Εμφάνιση αναρτήσεων με ετικέτα insects. Εμφάνιση όλων των αναρτήσεων
Εμφάνιση αναρτήσεων με ετικέτα insects. Εμφάνιση όλων των αναρτήσεων

Τετάρτη, Ιανουαρίου 21, 2015

UN: Madagascar needs money to continue battle against locust plague


UN, 21 January 2015 – The battle against a plague of locusts in Madagascar is in danger of being lost, as funding to continue efforts against widespread infestations runs out, putting 13 million people at risk of food insecurity, the United Nations agricultural agency said today.

A three-year anti-locust programme was launched by the Food and Agriculture Organization (FAO) alongside the Madagascan Government in 2013 in response to a plague that swept the country the previous year. It successfully halted the spread but the risks of relapse are high in the rainy season, which provides ideal breeding conditions, an FAO press release said. 

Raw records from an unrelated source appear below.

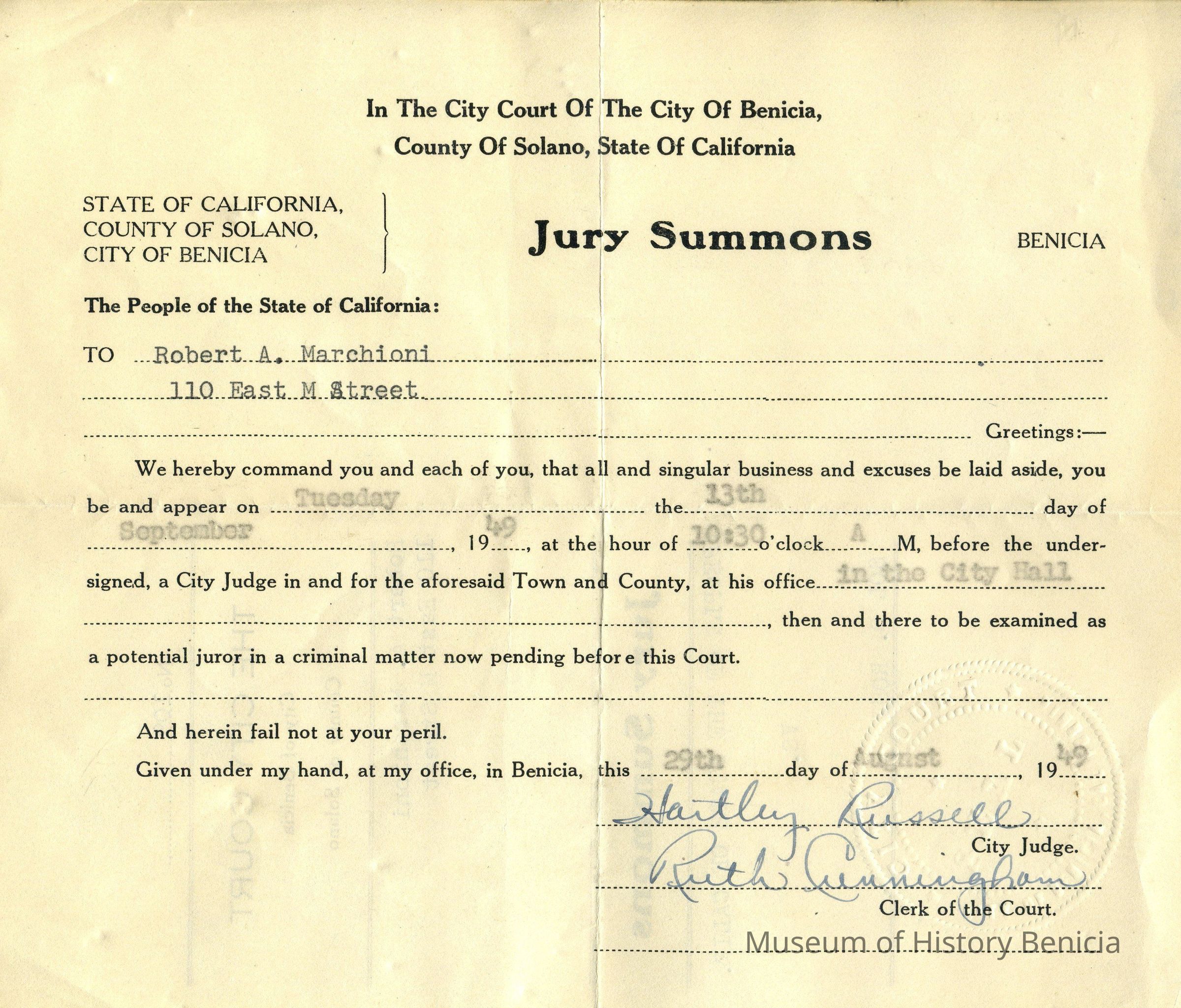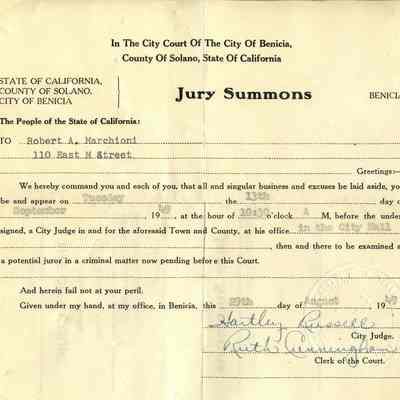 Jury Summons to Robert A. Marchioni to appear on Tuesday the 13th day of September 1949 at 10:30 am at City Hall to be examined as a potential juror in a criminal matter pending before the Court.
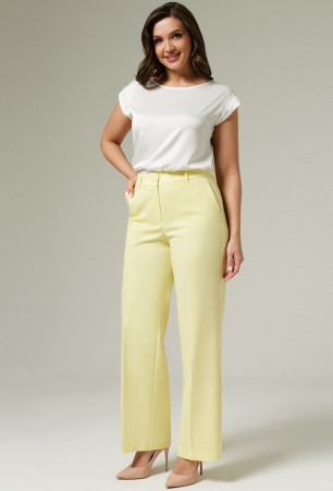Модные женские брюки с высокой посадкой отлично смотрятся на любой фигуре. Длина штанин традиционная. Пояс дополнен шлевками для ремня и петлей-пуговицей. Гульфик делает незаметной застежку-молнию.
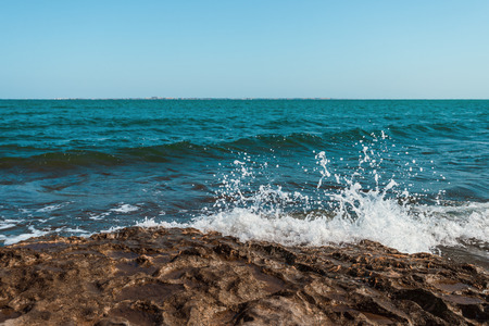 Background with rocky seashore and white surf foam on a summer sunny day.
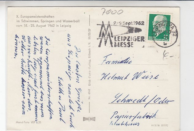 Forst in der Lausitz Schwimmbad 1961 Sonderstempel Radrennbahn
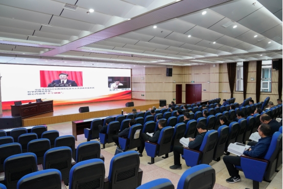 4月25日上午,张家界航空工业职业技术学院学习贯彻习近平新时代中国特色社会主义思想专题读书班第二天集中学习在学术报告厅举行,全体学员集中在线收看由中共中央党校(国家行政学院)马克思主义学院副院长陈曙光教授主讲的《习近平新时代中国特色社会主义思想概论》讲座,进一步深化对这一党的创新理论的理解和把握。
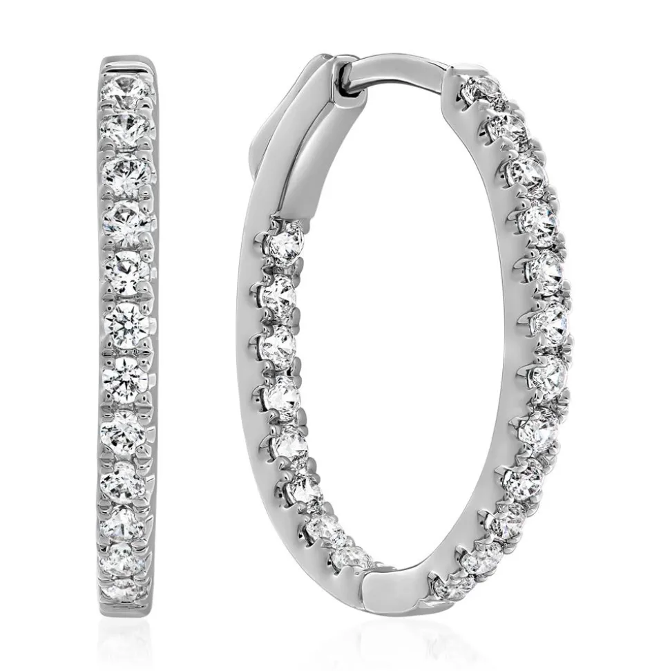 Diese Ohrringe für Damen begeistern mit ihrem klassischen Design und den hochwertigen Materialien! Sie sind wahlweise aus 585er oder 750er Weißgold oder 950er Platin gefertigt. Bitte die bevorzugte Legierung im Drop-down-Feld auswählen. Absoluter Blickfang ist der funkelnde Steinbesatz: Insgesamt zieren 40 laborgezüchtete Diamanten im Brillantschliff (ca. 0,73 ct.; Farbe: D-F; Reinheit: VVS-VS) sowohl die vordere Außenseite als auch die hintere Innenseite der Creolen. Unsere lab-grown Diamanten bestehen, wie natürliche Diamanten, aus Kohlenstoff und besitzen auch sonst alle Eigenschaften eines abgebauten Diamanten, sind aber ressourcenschonender. Der Ohrschmuck verfügt über ein Brilladia-Zertifikat.
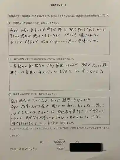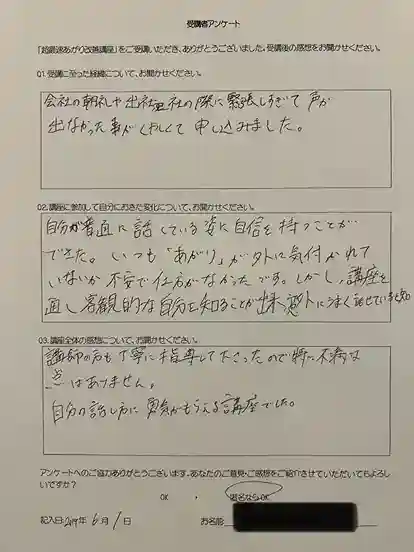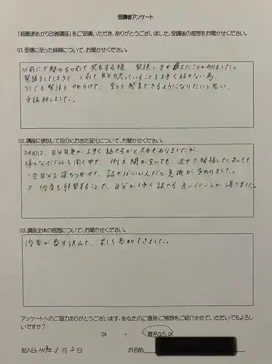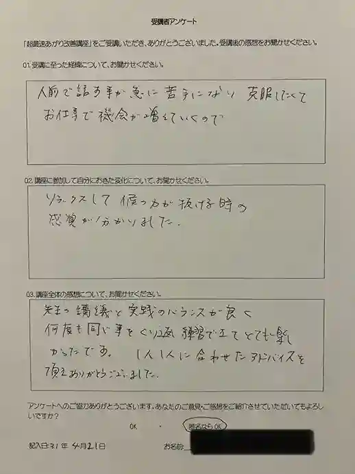 以前に大勢の方の前で発言する際、緊張して震えたことがありました。緊張をしてしまうと、人前で自分の思っていることをうまく話せない為、少しでも緊張をやわらげて、堂々と発言できるようになりたいと思い、受講致しました。
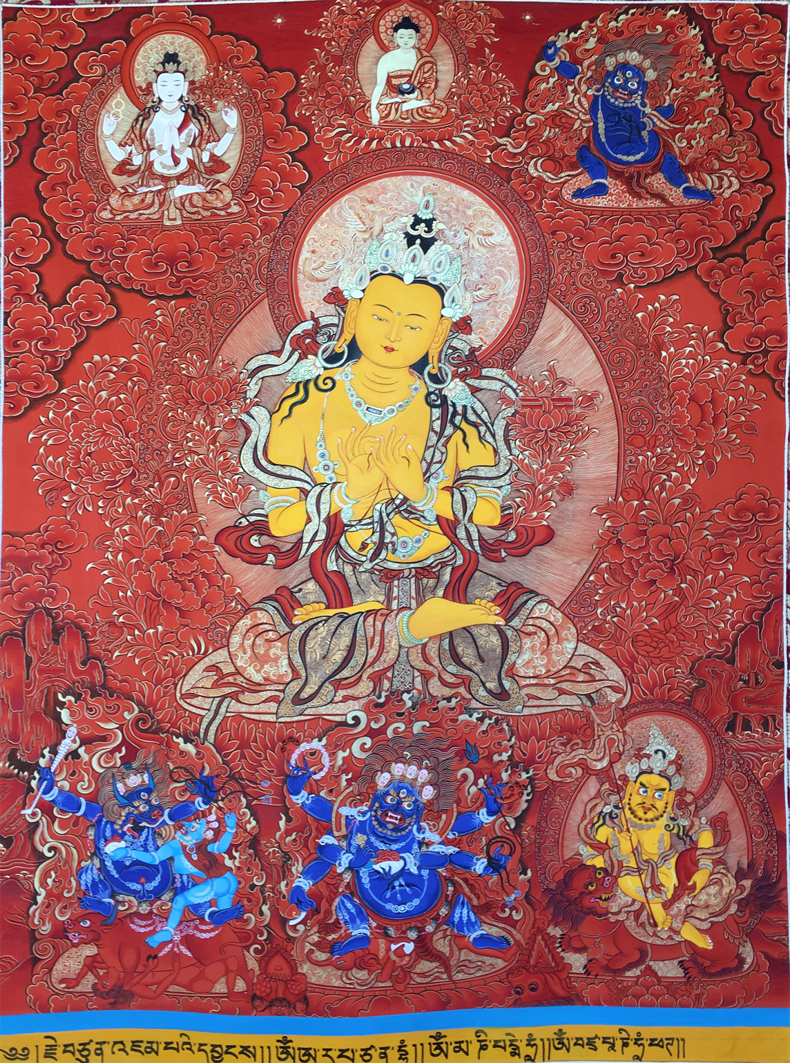 所乘之獅子,象征其威猛。文殊菩薩是如來佛祖怙恃之一。唐卡的原料是以純金、純銀、珊瑚、綠松石作為主要顏料、也可以是諸石朱砂、鉛粉或黃德粉這些普通顏料、正宗的唐卡可以收藏數百年而不褪色、具有極強的收藏價值。
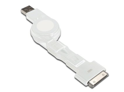 3 in 1 Makaralı Kablo, Apple 30 pin erkek + micro USB B erkek + mini USB B erkek USB A erkek, 0.75 metre, AWG 30, USB 2.0, UL, beyaz renk
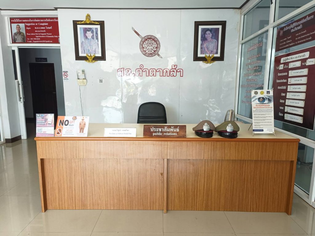 ติดไว้ในจุด บริการของสถานี เพื่อให้ประชาชนทราบว่า หน่วยงานประกาศว่าเจ้าหน้าที่ทุกคนในสังกัดไม่รับของขวัญหรือของกำนัลจากการปฏิบัติหน้าที่ และต่อต้านการรับสินบน โดย มี พ.ต.อ.นพดล วิเศษศรี ผกก.สภ.คำตากล้า หัวหน้าหน่วยงานประกาศ
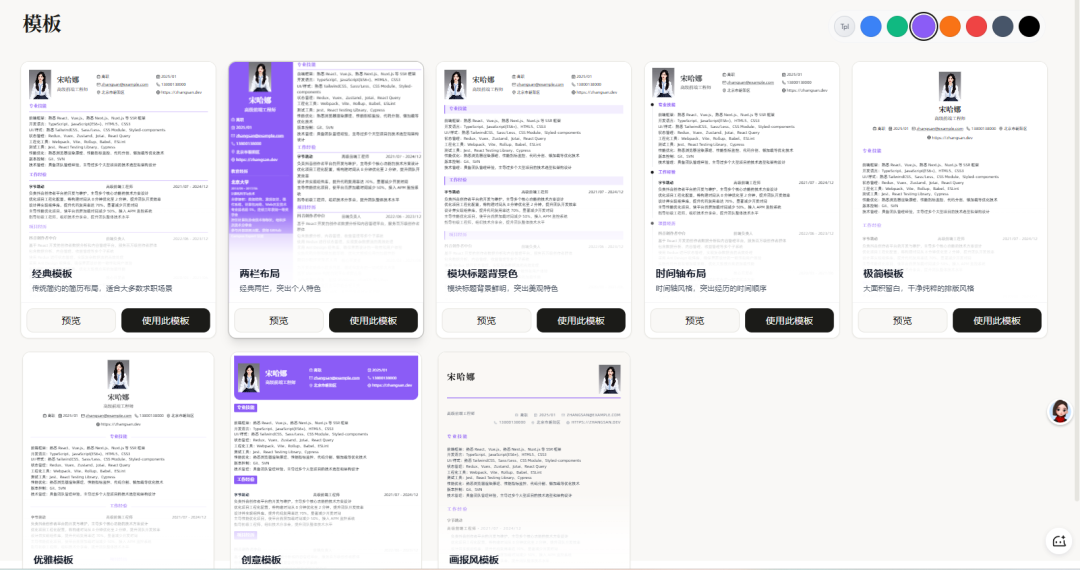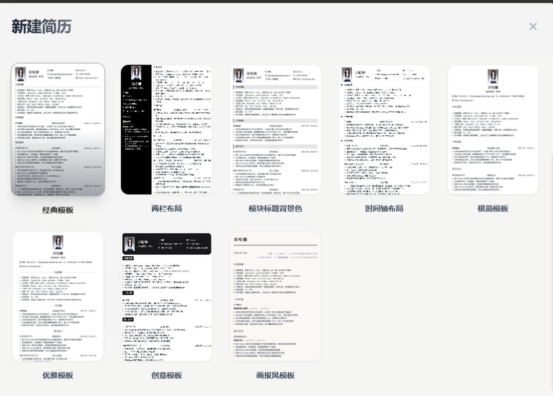 内置经典、两栏、时间轴、极简、创意、画报风等多套模板,适配技术、运营、设计、市场等不同岗位的求职需求,可一键切换预览效果。
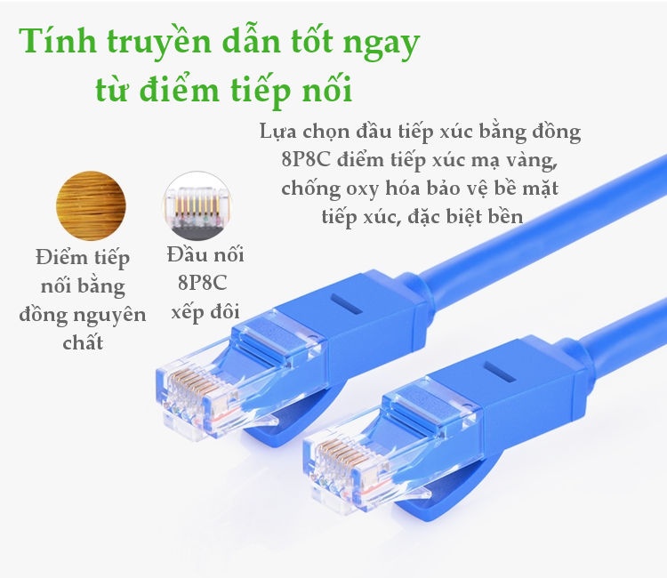 Kết hợp hoàn hảo với mạng lưới 10, 100,1000 Base-T. Cáp loại: CAT6 Cable Jacket Chất liệu: PVC Cable Gauge: 26 AWG Màu sắc: Xanh Hiệu suất cáp lên đến 500 MHz Cable Che chắn: UTP (không được che chở cặp xoắn)
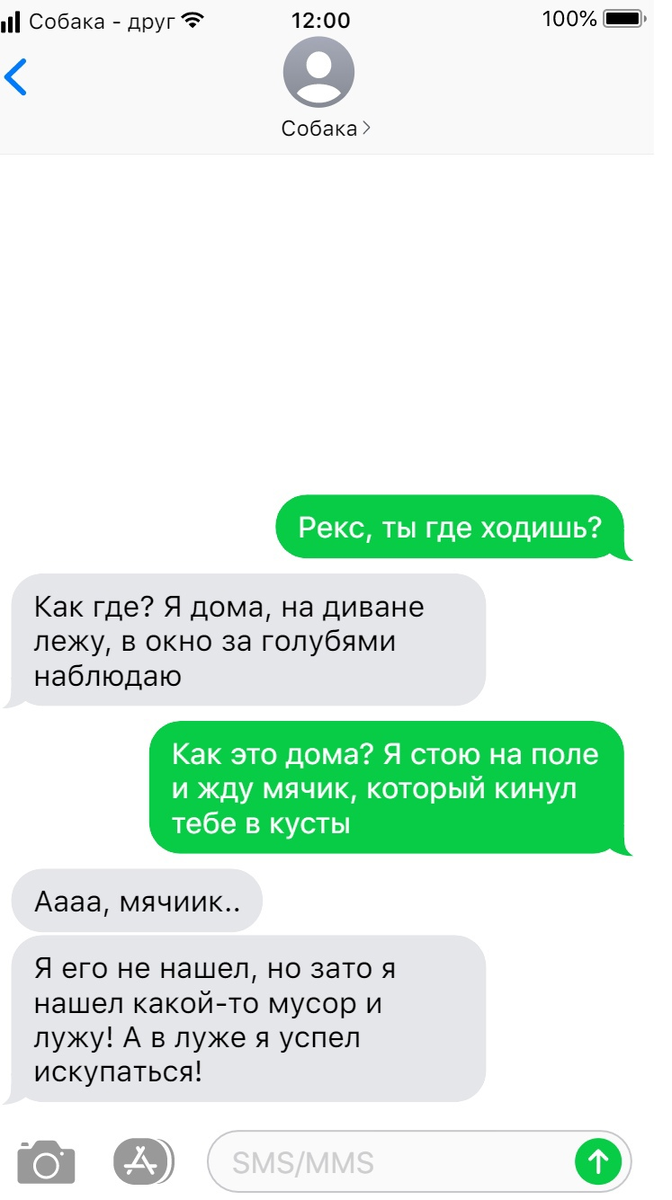 Некоторые владельцы собак просто мечтают, чтобы их домашний питомец однажды заговорил. К сожалению, или к счастью, такого в ближайшем будущем точно не будет, собаки не смогут так хорошо разговаривать с нами. Но если отбросить этот мир и пофантазировать? Собака была бы отличным собеседником, но иногда могли возникнуть такие смешные ситуации, которые находятся ниже, что думаешь: "А нужно ли собакам уметь разговаривать?". Давайте окунемся в мир переписок со своими домашними питомцами. На этом подборка переписок закончена. Надеюсь в этих переписках вы увидели жизненные ситуации и ваше настроение значительно улучшилось! Спасибо за прочтение статьи. Буду благодарен, если вы поддержите мой материал кнопкой: "Нравится" и подпишитесь на мой канал, тем самым мотивируя меня писать всё больше материала про собак.
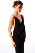 Thalita Collection | Derin dekolteli degaje yaka. Sırtı açık dekolteli uzun elbise.
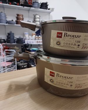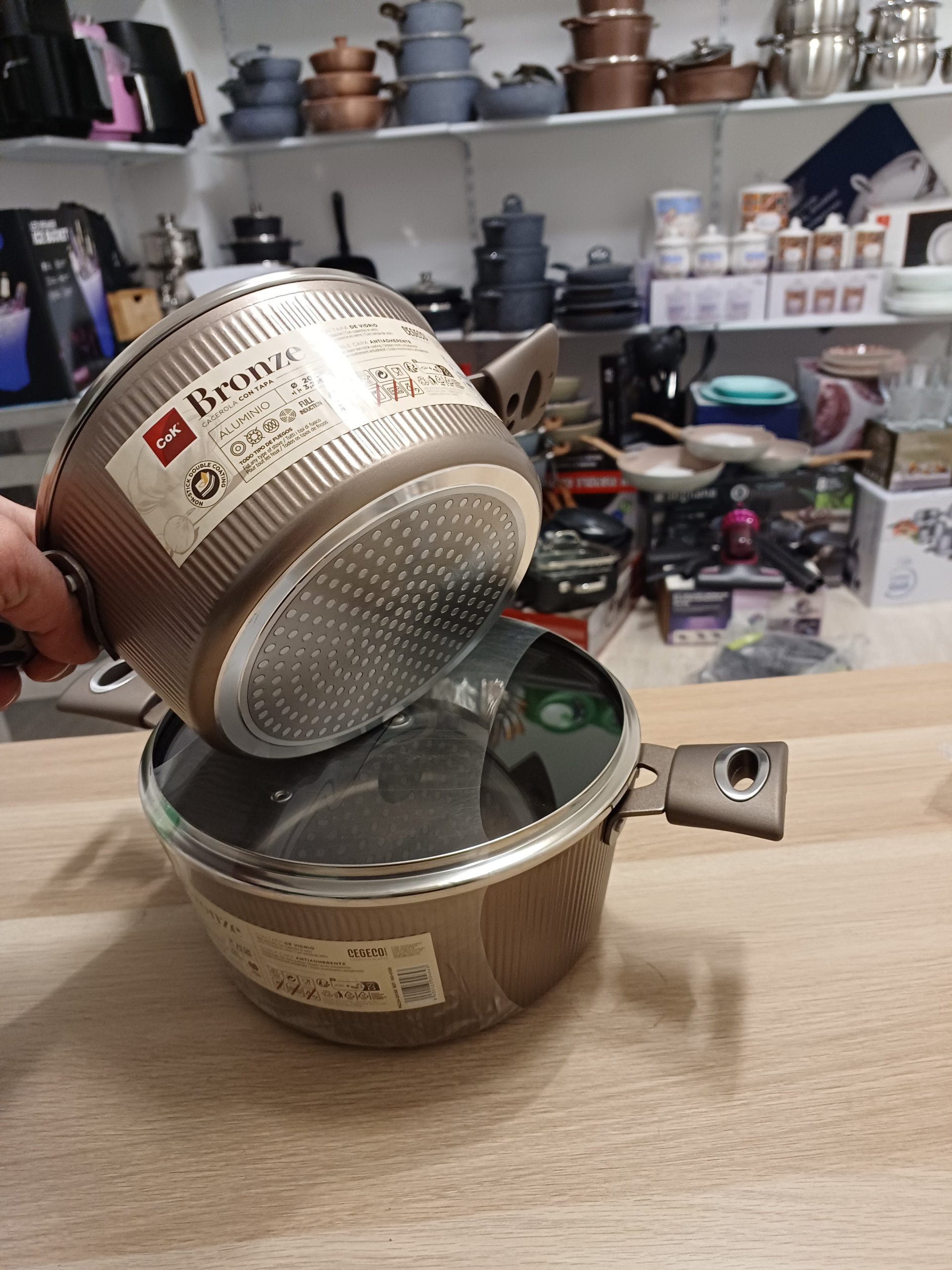 La collezione di pentole Cook&Strong presenta un design moderno e funzionale. La finitura bronze non è solo un dettaglio, ma una dichiarazione di stile.
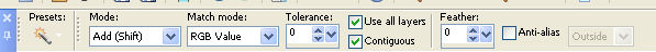 4. Activate the Magique Wand tool (I used these settings)
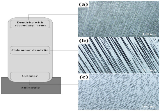 The longitudinal section microscopic appearances of the top, middle, and bottom different parts (a) dendrite with secondary arms, (b)columnar dendrite, (c) celular [23].
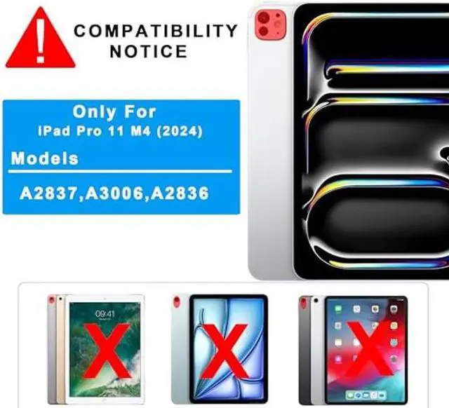 Keyboard Case Compatibility - Please note: This case with keyboard is specially designed for 2024 iPad Pro 11.0 inch M4. It is Not compatible with ipad pro 12.9 or other device models. Before you order, please check the back of your iPad to confirm the model number. Note: The Tablet and Pencil are NOT included

“Taking action now is critical to ensure the significant efforts made so far, financially and technically, are built upon rather than lost,” said Dominique Burgeon, Director of FAO's Emergency and Rehabilitation Division. “The current campaign is essential to reinforce the decline of the current plague, avoiding any relapse, and then continue towards a full-fledged locust recession.”

The first quarter of the year is especially important because it corresponds to the second phase of breeding. Most locusts present at this time are wingless 'hoppers', which are easier to combat because they are more sensitive to pesticides and slower moving than winged adults. After last year's successes, the FAO warns that hoppers will gather in smaller groups, making them harder to find and requiring more ground and aerial surveys to do so.

Failure to carry out in full the 2013-2016 FAO-Government joint programme would waste the $28.8 million so far mobilised and could trigger a large-scale food-security crisis in the country. A further $10.6 million is needed to complete the campaign, paying for monitoring and spraying operations to the end of the rainy season in May 2015.

The FAO cautions that even a relatively short interruption to monitoring and spraying operations of about two months could significantly erase progress made so far, which includes the surveying of about 30 million hectares - an area almost as large as Japan - and the tackling of locust infestations over more than 1.3 million hectares.

“The costs that will result from ceasing locust control activities will be far greater than the amount spent so far, so it is critical for the international community stay the course and complete the Locust Emergency Response Programme,” said Patrice Takoukam Talla, FAO's Representative in Madagascar.
About 40 per cent of crops in southern Madagascar are at risk from locusts and more than three quarters of the population in the Atsimo Andrefana and Androy regions, where maize and cassava production have declined sharply and rice output remains well below trend, currently face food insecurity, up notably from a year earlier.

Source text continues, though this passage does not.